-- GIVEN DATA --
'''

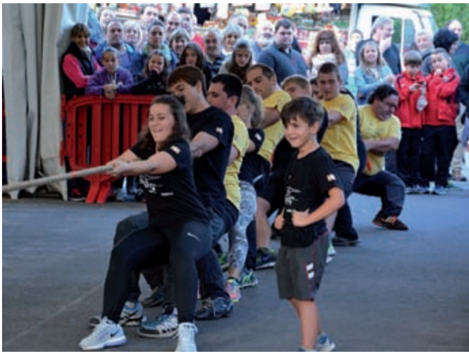
Sokatiran bi taldeetako partaideak nahastu behar izan ziren, pisuan berdintzeko.

Jai giro ederrean ospatu dira ekitaldi guztiak, eguraldia paregabea izan baita. Igande arratsaldean ohiko sagardo dastaketarekin eman zieten amaiera jaiiei.
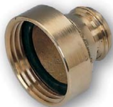
RIDUZIONI FISSE MASCHIO - FEMMINA

'''

-- YOUR OBJECTIVE --
What lines in the listing above contain the word "izan"? Show each one.

-- WRITTEN REPLY --
Sokatiran bi taldeetako partaideak nahastu behar izan ziren, pisuan berdintzeko.
Jai giro ederrean ospatu dira ekitaldi guztiak, eguraldia paregabea izan baita. Igande arratsaldean ohiko sagardo dastaketarekin eman zieten amaiera jaiiei.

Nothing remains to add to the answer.